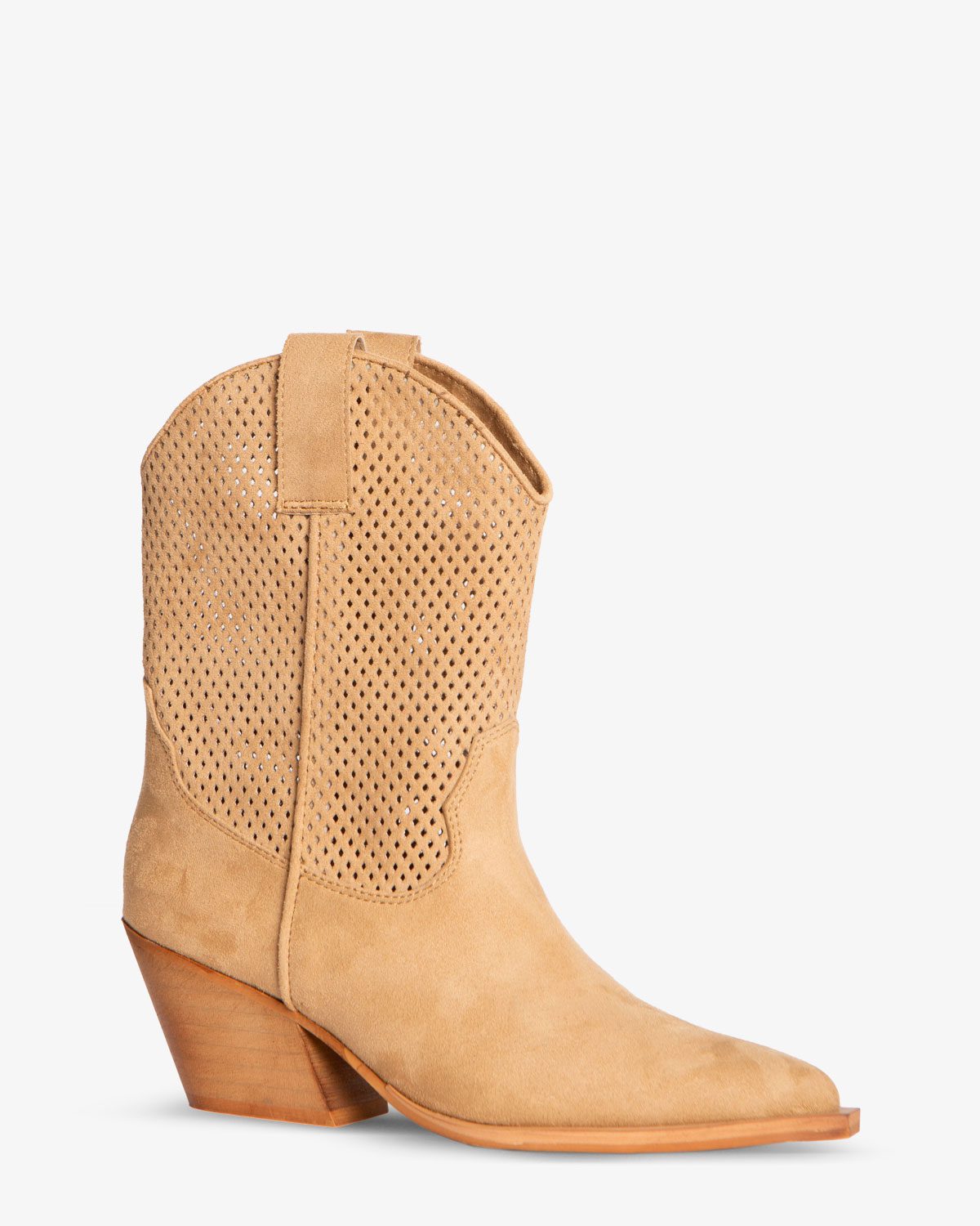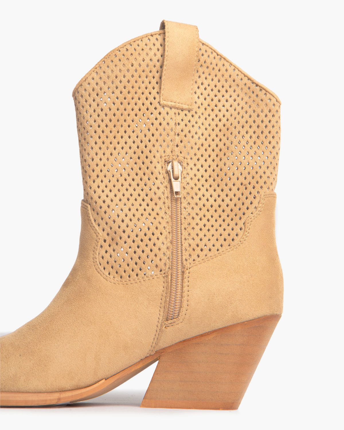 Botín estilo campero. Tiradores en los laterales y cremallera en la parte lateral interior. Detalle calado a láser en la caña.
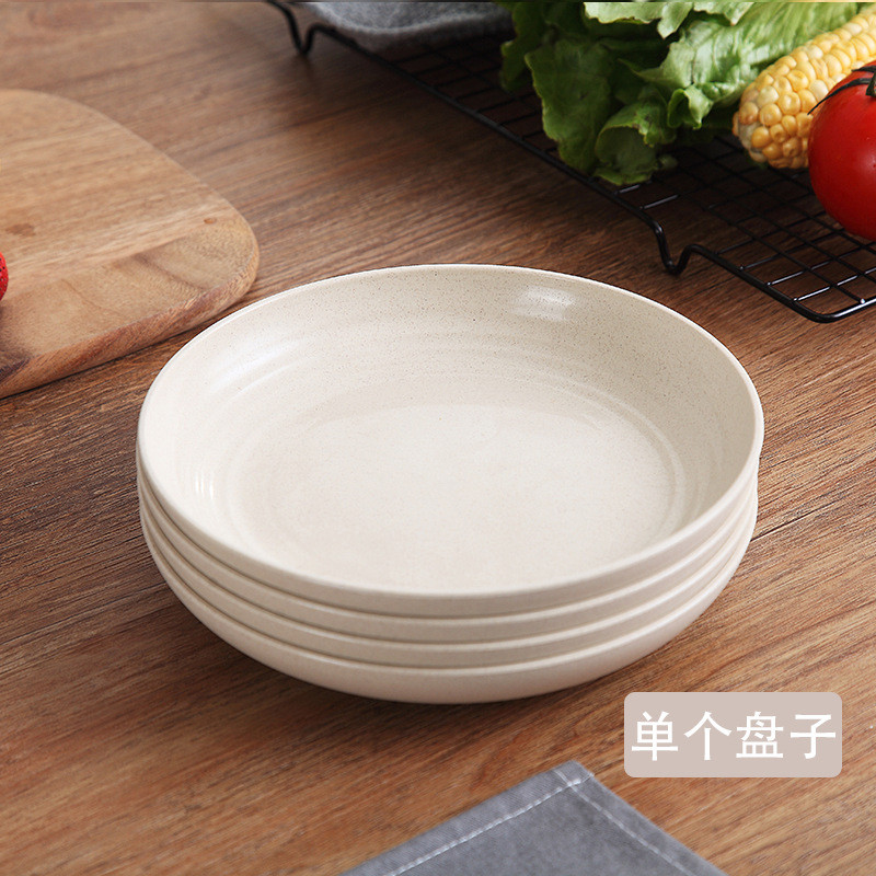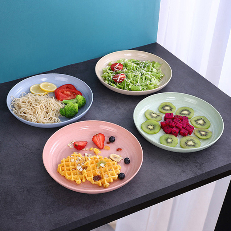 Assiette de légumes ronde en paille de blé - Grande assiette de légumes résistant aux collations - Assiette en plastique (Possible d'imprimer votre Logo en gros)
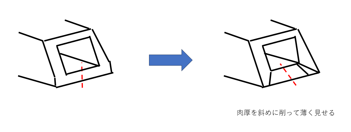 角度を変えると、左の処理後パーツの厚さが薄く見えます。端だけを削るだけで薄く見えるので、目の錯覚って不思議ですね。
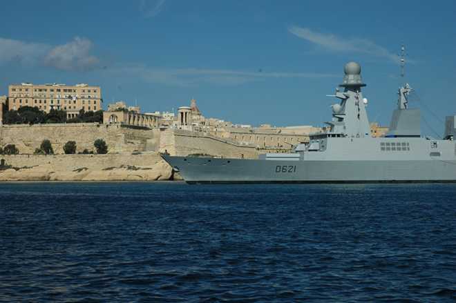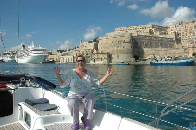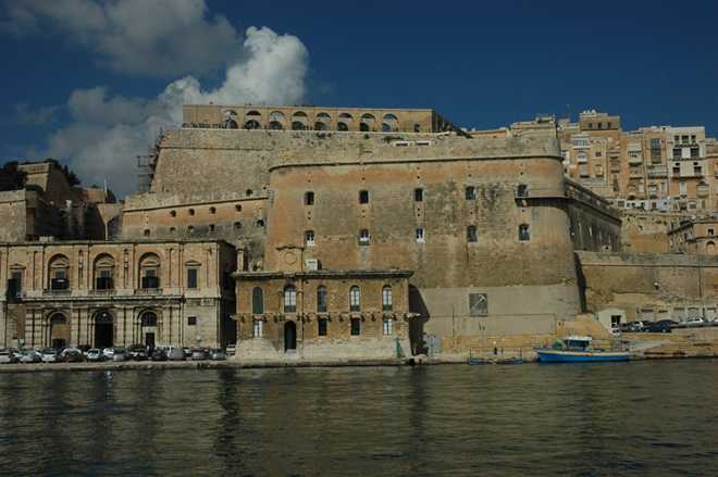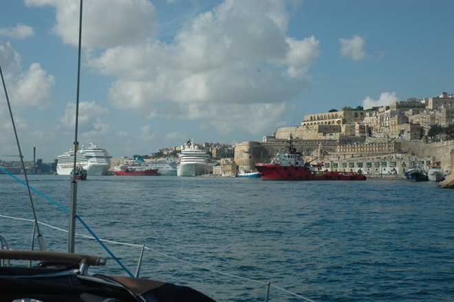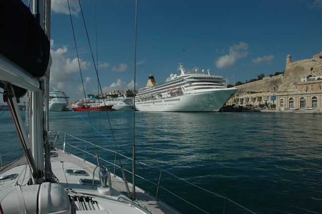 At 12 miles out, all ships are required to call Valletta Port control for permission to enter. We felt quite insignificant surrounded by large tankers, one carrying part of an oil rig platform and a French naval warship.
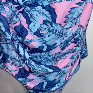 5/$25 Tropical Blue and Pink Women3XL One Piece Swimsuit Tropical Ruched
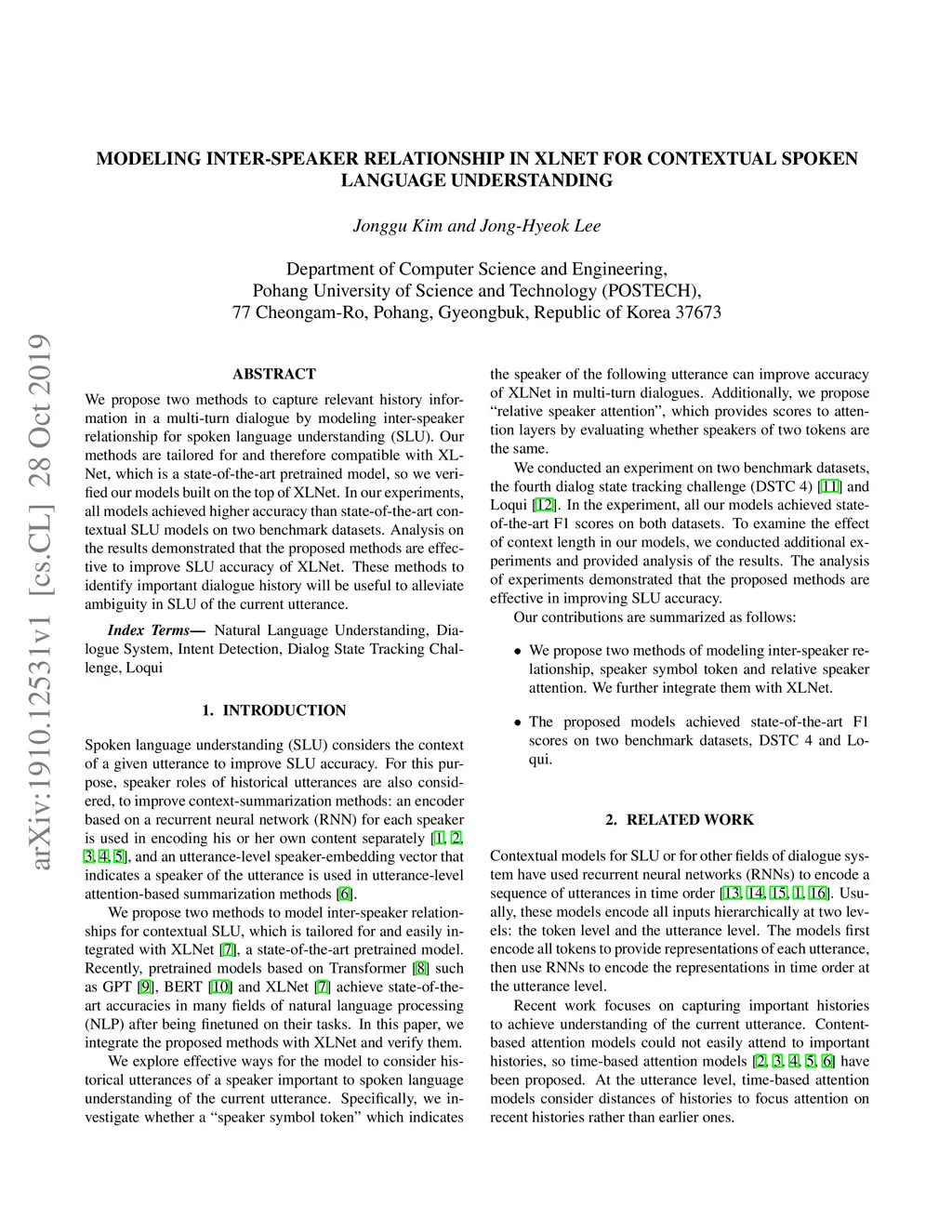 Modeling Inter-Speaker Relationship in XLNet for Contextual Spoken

▶ [What you should do] The copy must begin with the line containing "5/$25 Tropical Blue", end with the last line of the material, match each line exactly, and hold no pictures.

▶ [Reply to the task]
 5/$25 Tropical Blue and Pink Women3XL One Piece Swimsuit Tropical Ruched
 Modeling Inter-Speaker Relationship in XLNet for Contextual Spoken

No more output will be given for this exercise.